Records from a data source:
- - - -

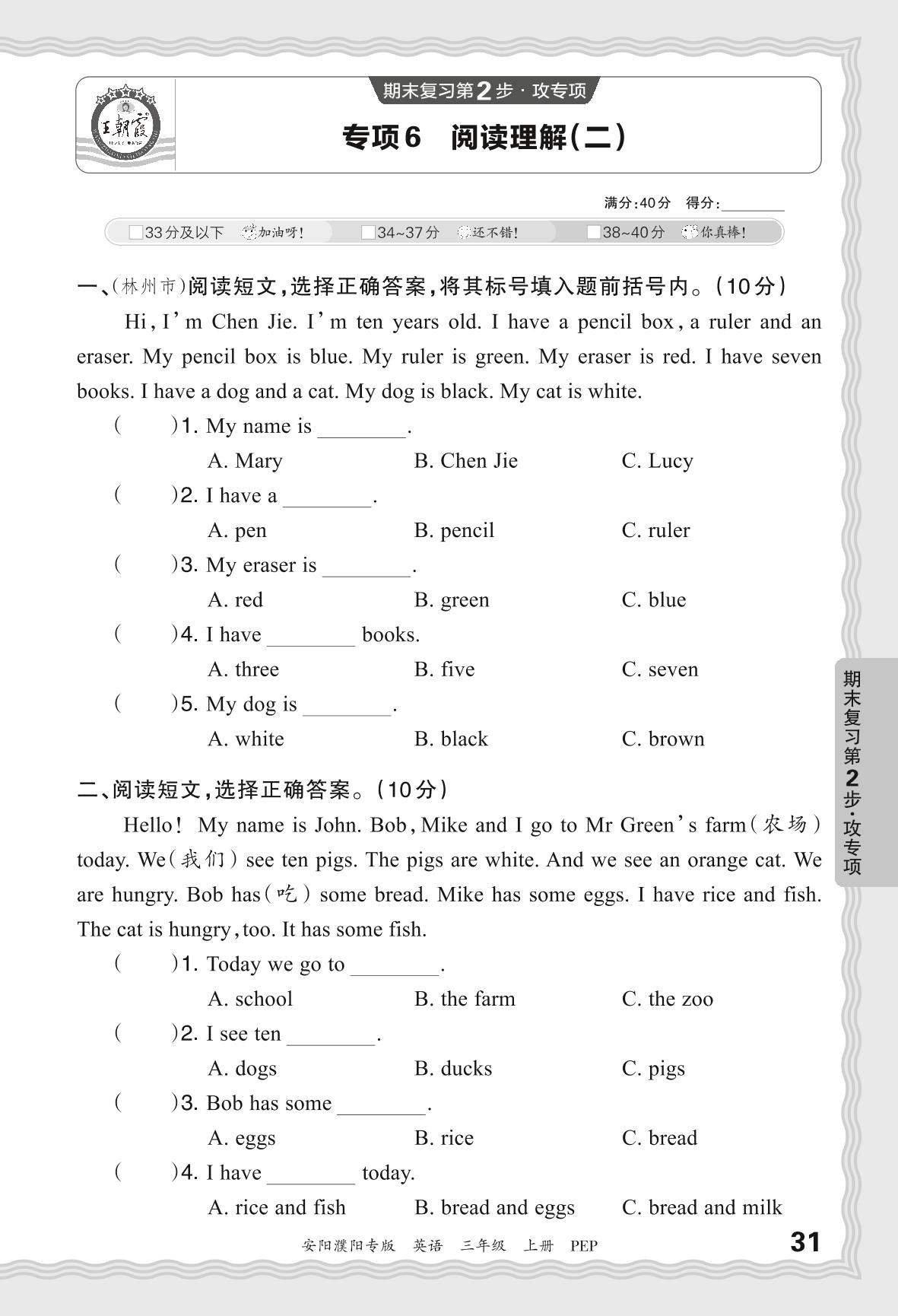 2023秋上册三年级英语人教PEP版 期末专项卷·阅读理解(二)【6】
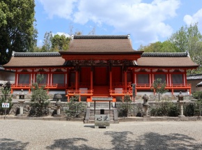 社殿は全体に西面し、本殿・脇殿とも小高い石積みの壇上に建っています。 休ヶ岡八幡宮は寺域の最も南に鎮座する薬師寺の鎮守(守り神)です。
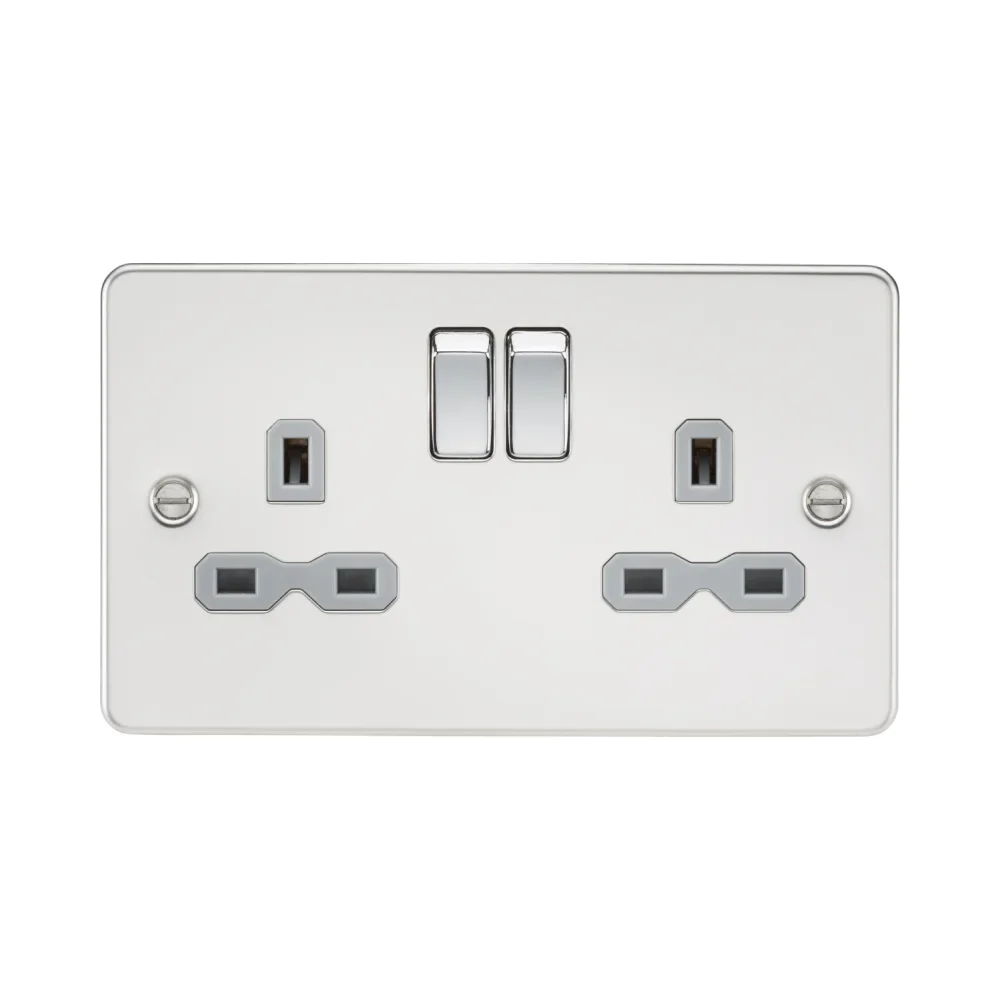 Knightsbridge Flat Plate 13A 2G DP Switched Socket – Polished Chrome with Grey Insert
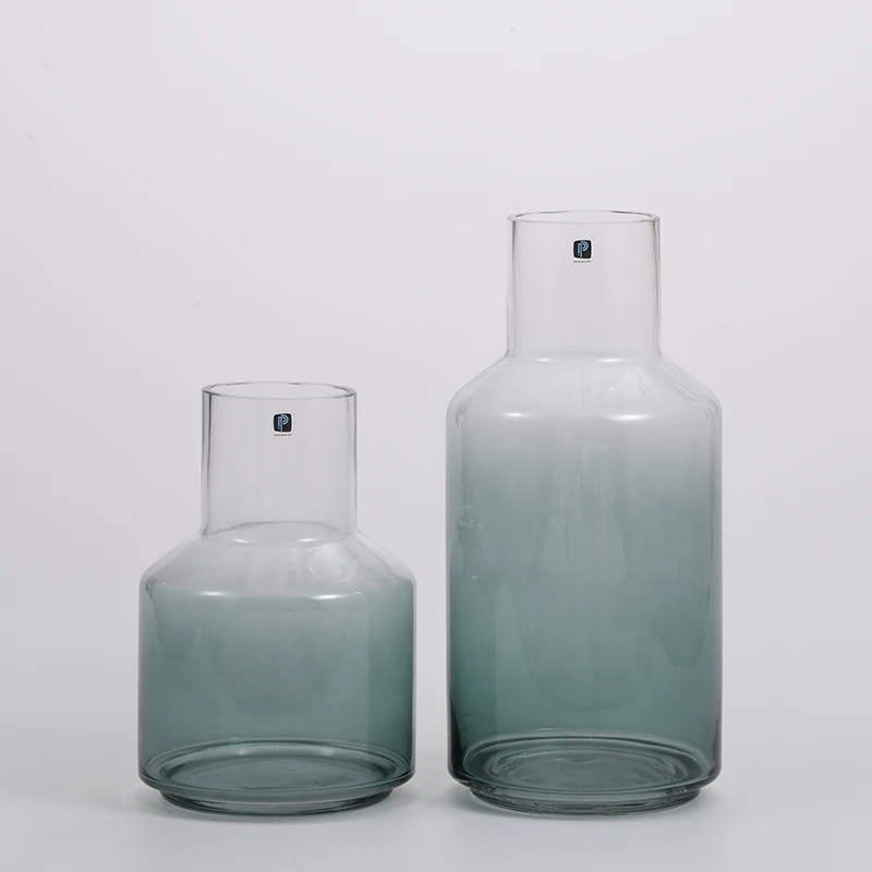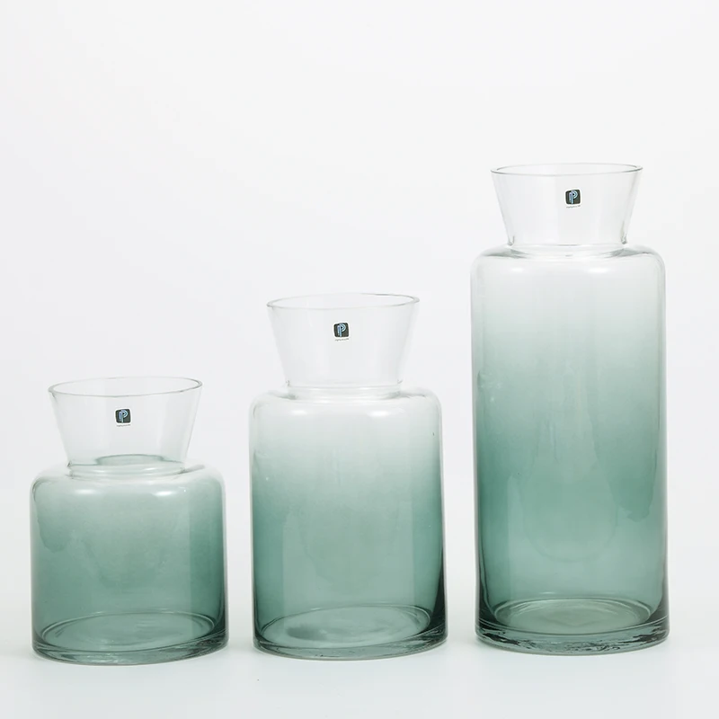 You are here Home » Products » Glass Vase » Heavy duty hand--blown glassware gradient colored with open mouth glass flower vase on sale
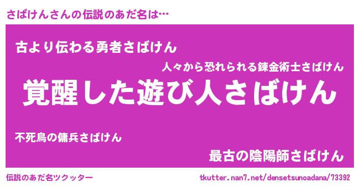 | ヒーロー風カッコイイあだ名 | 『幻影騎士サバ』『ネオサバケン』 |
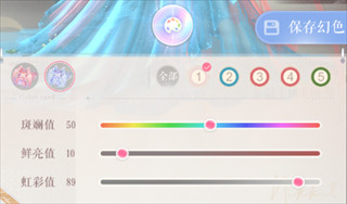 点击色盘按钮,可在【新色盘模式】和【自定义色盘模式】之间进行切换;自定义色盘开放斑斓值、鲜亮值及虹彩值三个维度,拖动对应维度的滑杆,即可自由调节颜色,进行更加多样的幻色创作。

- - - -

Problem details -> Set down the records above exactly as written, beginning with the first line and ending with the line that contains "ヒーロー風カッコイイあだ名 | 『幻影騎士サバ』『ネオサバケン』 |", and do not include pictures.

Solution to this exercise ->
 2023秋上册三年级英语人教PEP版 期末专项卷·阅读理解(二)【6】
 社殿は全体に西面し、本殿・脇殿とも小高い石積みの壇上に建っています。 休ヶ岡八幡宮は寺域の最も南に鎮座する薬師寺の鎮守(守り神)です。
 Knightsbridge Flat Plate 13A 2G DP Switched Socket – Polished Chrome with Grey Insert
 You are here Home » Products » Glass Vase » Heavy duty hand--blown glassware gradient colored with open mouth glass flower vase on sale
 | ヒーロー風カッコイイあだ名 | 『幻影騎士サバ』『ネオサバケン』 |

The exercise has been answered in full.